Question

The area spherical balloon of radius 6 cm increases at the rate of 2 then find the rate of increase in the volume. 

Answer 1

We are asked to determine the rate of change of the volume of a sphere, given that the surface area is increasing at a specific rate.

Step 1: The formulas for the surface area and volume of a sphere:
The surface area \( A \) of a sphere with radius \( r \) is given by: \[ A = 4\pi r^2 \] The volume \( V \) of a sphere with radius \( r \) is given by: \[ V = \frac{4}{3} \pi r^3 \]

Step 2: Given information:
We are told that the surface area is increasing at a rate of 2 cm²/sec: \[ \frac{dA}{dt} = 2 \, \text{cm}^2/\text{sec} \] We are also asked to find the rate of change of the volume when the radius is 6 cm.

Step 3: Relating the rate of change of surface area to the rate of change of radius:
Differentiate the surface area formula \( A = 4\pi r^2 \) with respect to time \( t \): \[ \frac{dA}{dt} = 8\pi r \frac{dr}{dt} \] This relates the rate of change of the surface area to the rate of change of the radius (\( \frac{dr}{dt} \)).

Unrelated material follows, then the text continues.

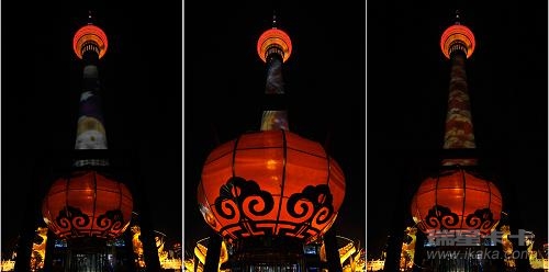 这是1月15日夜晚拍摄的中央电视塔东广场的巨型贺岁红灯笼(拼版照片)。塔身投影图案富于变化

Step 4: Relating the rate of change of volume to the rate of change of radius:
Similarly, differentiate the volume formula \( V = \frac{4}{3} \pi r^3 \) with respect to time \( t \): \[ \frac{dV}{dt} = 4\pi r^2 \frac{dr}{dt} \] This relates the rate of change of the volume to the rate of change of the radius (\( \frac{dr}{dt} \)).

Step 5: Substituting the known values:
We are given that \( \frac{dA}{dt} = 2 \) cm²/sec, and we need to find \( \frac{dV}{dt} \) when the radius is 6 cm.

Using the surface area equation: \[ 2 = 8\pi (6) \frac{dr}{dt} \] Simplifying: \[ 2 = 48\pi \frac{dr}{dt} \] Solving for \( \frac{dr}{dt} \): \[ \frac{dr}{dt} = \frac{2}{48\pi} = \frac{1}{24\pi} \, \text{cm/sec} \]

Step 6: Calculating the rate of change of volume:
Now, substitute \( \frac{dr}{dt} = \frac{1}{24\pi} \) into the volume rate of change formula: \[ \frac{dV}{dt} = 4\pi (6)^2 \left( \frac{1}{24\pi} \right) \] Simplifying: \[ \frac{dV}{dt} = 4\pi (36) \left( \frac{1}{24\pi} \right) \] \[ \frac{dV}{dt} = 144\pi \times \frac{1}{24\pi} \] \[ \frac{dV}{dt} = 6 \, \text{cm}^3/\text{sec} \]

Final Answer:
Therefore, the rate of change of the volume when the radius is 6 cm and is increasing at a rate of \( 2 \) cm/sec is \( \frac{dV}{dt} = 6 \, \text{cm}^3/\text{sec} \).